• Source information:
▬▬▬▬▬▬▬▬▬▬
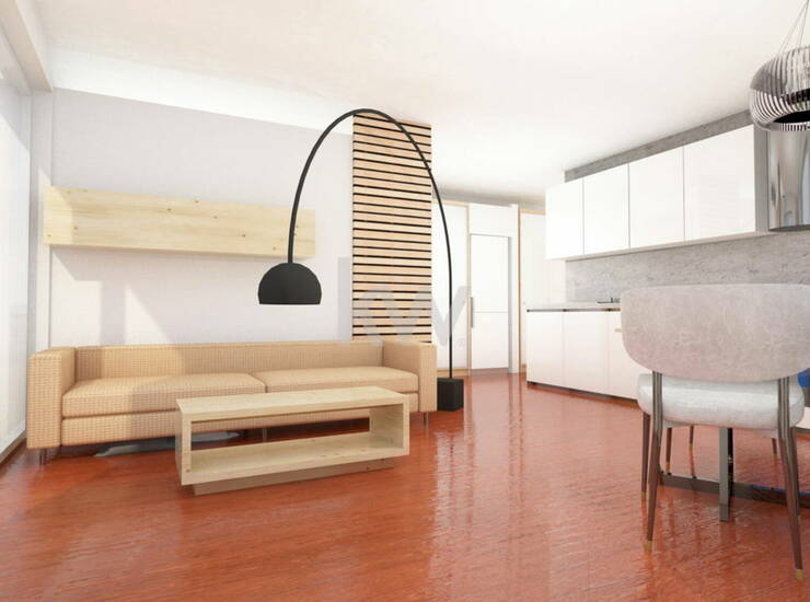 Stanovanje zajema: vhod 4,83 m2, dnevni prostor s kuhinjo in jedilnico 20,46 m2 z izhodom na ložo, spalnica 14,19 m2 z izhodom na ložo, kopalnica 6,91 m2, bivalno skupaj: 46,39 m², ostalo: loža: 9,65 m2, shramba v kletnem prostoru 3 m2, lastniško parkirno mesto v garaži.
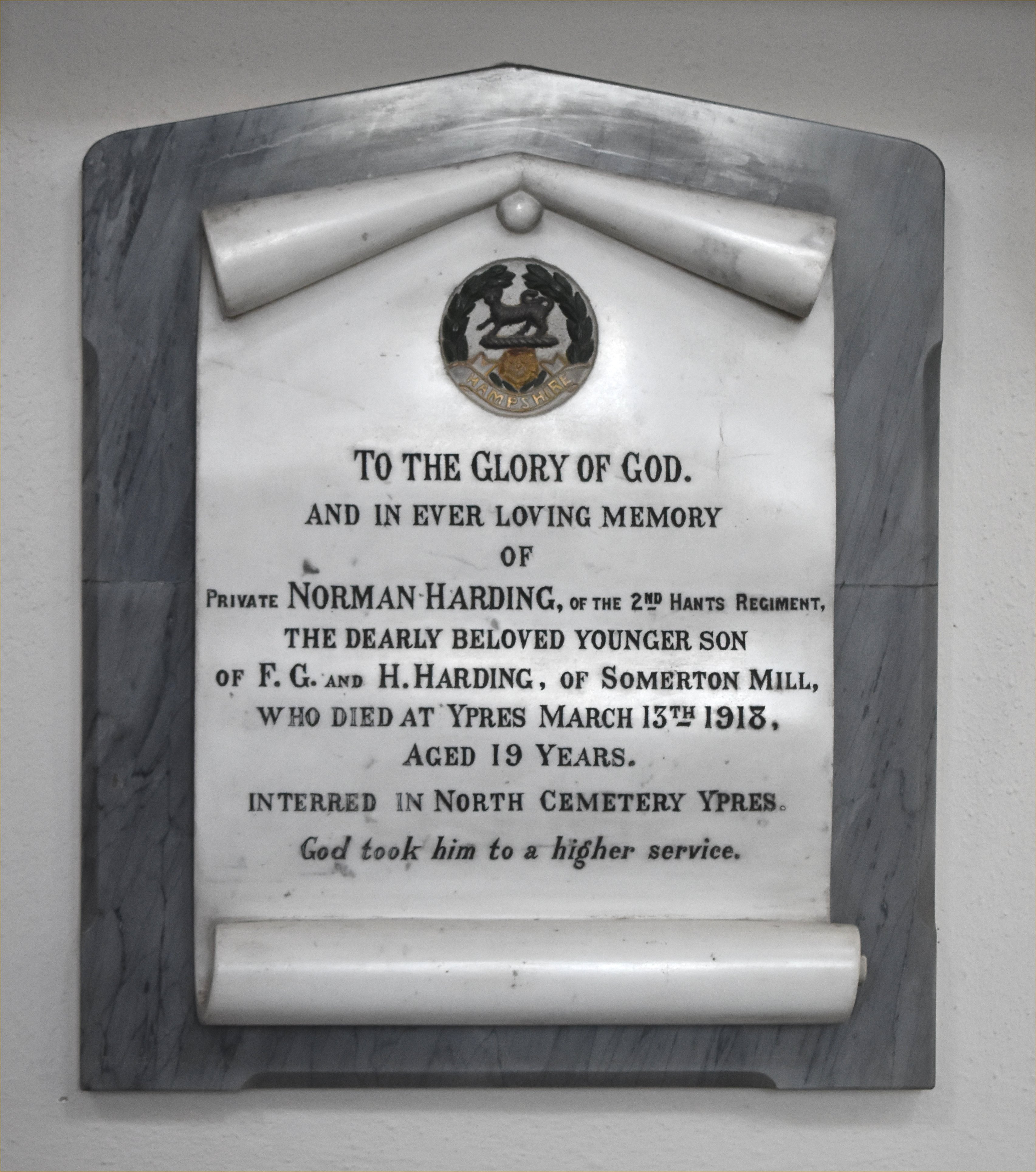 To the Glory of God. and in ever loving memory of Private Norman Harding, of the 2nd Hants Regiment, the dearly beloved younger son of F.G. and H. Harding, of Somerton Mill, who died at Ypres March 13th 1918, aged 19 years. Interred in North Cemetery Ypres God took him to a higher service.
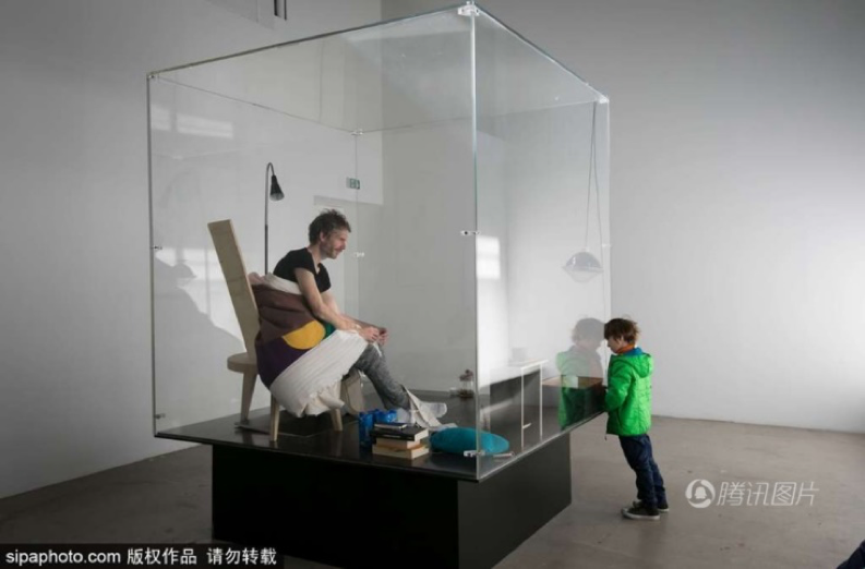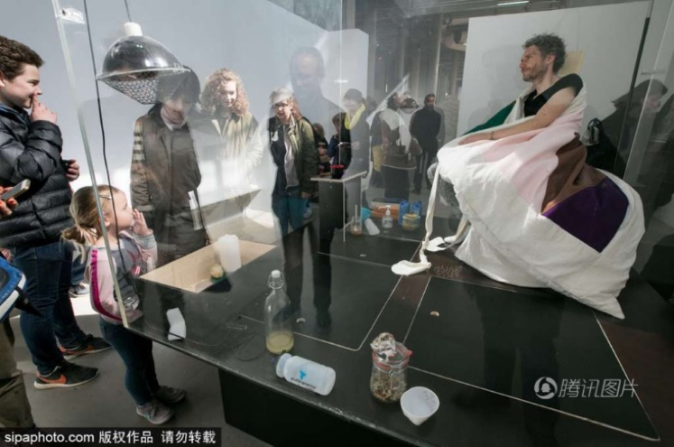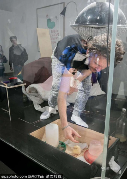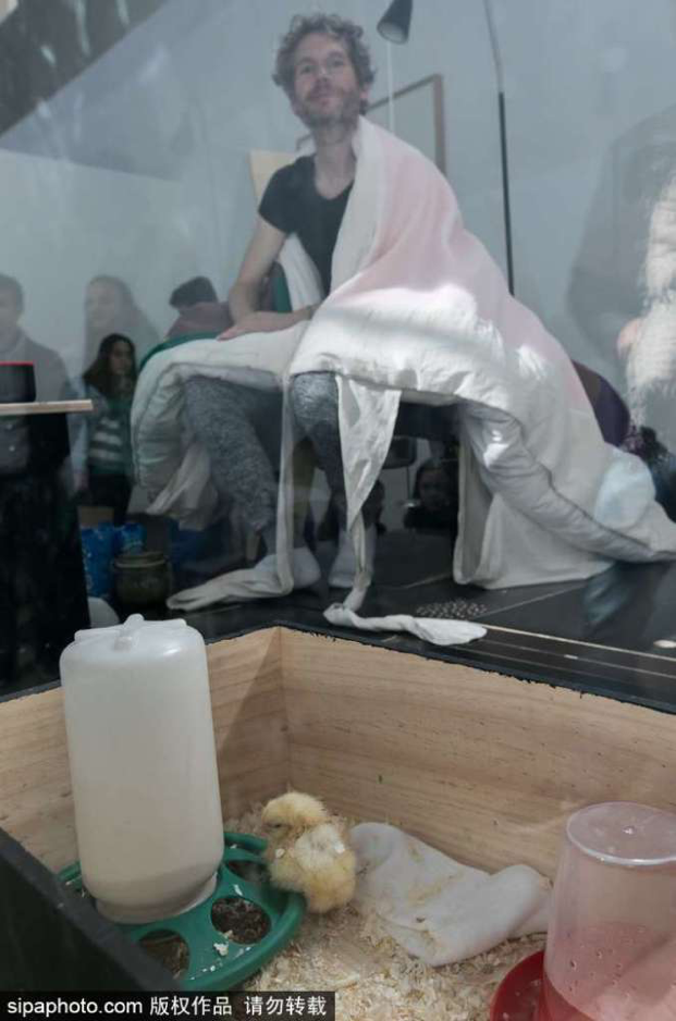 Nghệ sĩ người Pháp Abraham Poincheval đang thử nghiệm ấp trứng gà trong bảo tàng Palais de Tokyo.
▬▬▬▬▬▬▬▬▬▬
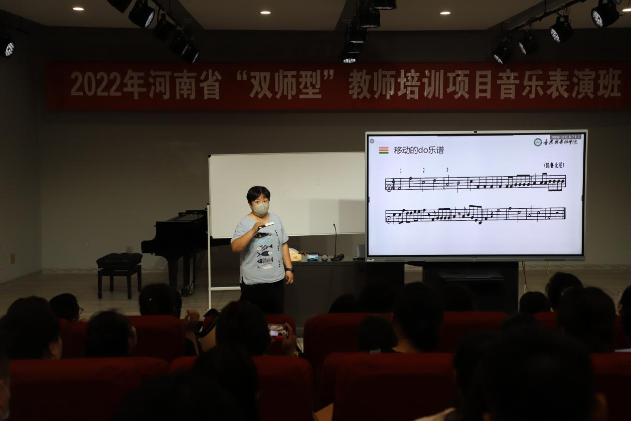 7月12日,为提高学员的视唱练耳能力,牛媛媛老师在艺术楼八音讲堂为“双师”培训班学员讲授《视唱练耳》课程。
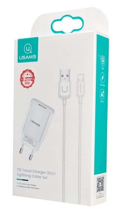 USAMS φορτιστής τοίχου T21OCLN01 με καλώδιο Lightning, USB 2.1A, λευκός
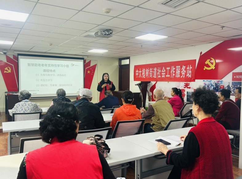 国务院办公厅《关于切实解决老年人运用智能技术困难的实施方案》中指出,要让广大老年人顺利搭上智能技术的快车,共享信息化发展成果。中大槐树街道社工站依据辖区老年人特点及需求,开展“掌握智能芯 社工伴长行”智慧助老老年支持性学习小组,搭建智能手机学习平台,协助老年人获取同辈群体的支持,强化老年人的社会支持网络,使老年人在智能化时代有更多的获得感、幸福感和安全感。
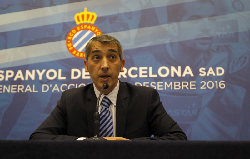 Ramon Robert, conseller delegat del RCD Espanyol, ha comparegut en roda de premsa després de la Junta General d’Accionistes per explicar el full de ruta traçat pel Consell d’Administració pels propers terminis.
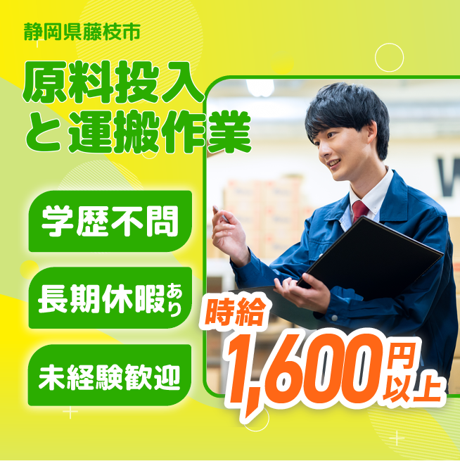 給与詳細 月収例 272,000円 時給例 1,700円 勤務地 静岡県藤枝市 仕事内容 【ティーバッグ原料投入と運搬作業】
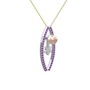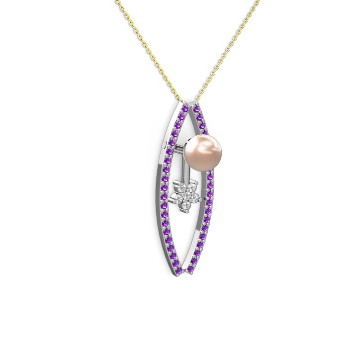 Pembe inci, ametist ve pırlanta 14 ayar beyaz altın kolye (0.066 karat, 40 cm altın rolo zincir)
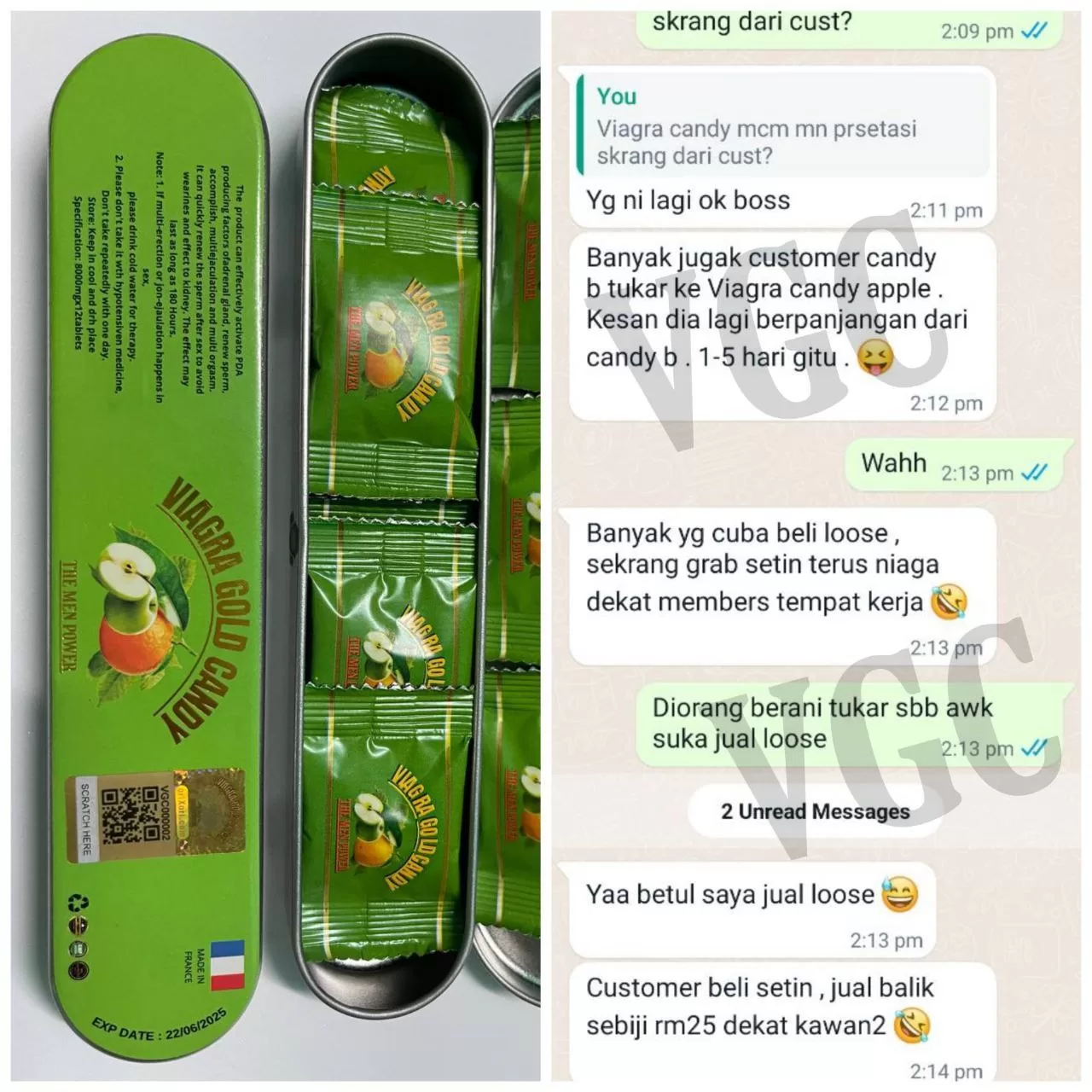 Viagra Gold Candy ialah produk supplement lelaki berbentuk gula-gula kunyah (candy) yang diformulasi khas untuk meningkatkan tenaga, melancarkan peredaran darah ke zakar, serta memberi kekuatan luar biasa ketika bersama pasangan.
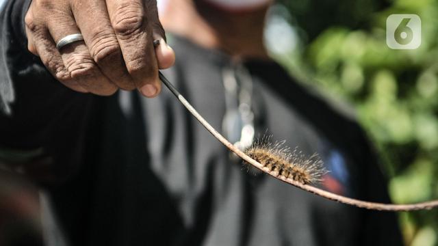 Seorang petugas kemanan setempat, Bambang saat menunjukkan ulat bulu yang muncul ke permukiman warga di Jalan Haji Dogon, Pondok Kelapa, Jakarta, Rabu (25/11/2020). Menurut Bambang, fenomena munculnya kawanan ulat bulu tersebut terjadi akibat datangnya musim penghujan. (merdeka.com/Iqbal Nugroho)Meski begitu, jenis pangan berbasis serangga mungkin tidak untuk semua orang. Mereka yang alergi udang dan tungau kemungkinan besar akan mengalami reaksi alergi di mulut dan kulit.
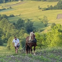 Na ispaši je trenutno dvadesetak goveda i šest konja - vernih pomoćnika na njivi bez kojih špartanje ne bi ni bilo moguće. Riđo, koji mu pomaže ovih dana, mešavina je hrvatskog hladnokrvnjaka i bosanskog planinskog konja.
▬▬▬▬▬▬▬▬▬▬
Text only, no pictures: please print exactly the lines above from the line with "国务院办公厅《关于切实解决老" up to and including the line with "Pembe inci, ametist", and nothing else.

 国务院办公厅《关于切实解决老年人运用智能技术困难的实施方案》中指出,要让广大老年人顺利搭上智能技术的快车,共享信息化发展成果。中大槐树街道社工站依据辖区老年人特点及需求,开展“掌握智能芯 社工伴长行”智慧助老老年支持性学习小组,搭建智能手机学习平台,协助老年人获取同辈群体的支持,强化老年人的社会支持网络,使老年人在智能化时代有更多的获得感、幸福感和安全感。
 Ramon Robert, conseller delegat del RCD Espanyol, ha comparegut en roda de premsa després de la Junta General d’Accionistes per explicar el full de ruta traçat pel Consell d’Administració pels propers terminis.
 給与詳細 月収例 272,000円 時給例 1,700円 勤務地 静岡県藤枝市 仕事内容 【ティーバッグ原料投入と運搬作業】
 Pembe inci, ametist ve pırlanta 14 ayar beyaz altın kolye (0.066 karat, 40 cm altın rolo zincir)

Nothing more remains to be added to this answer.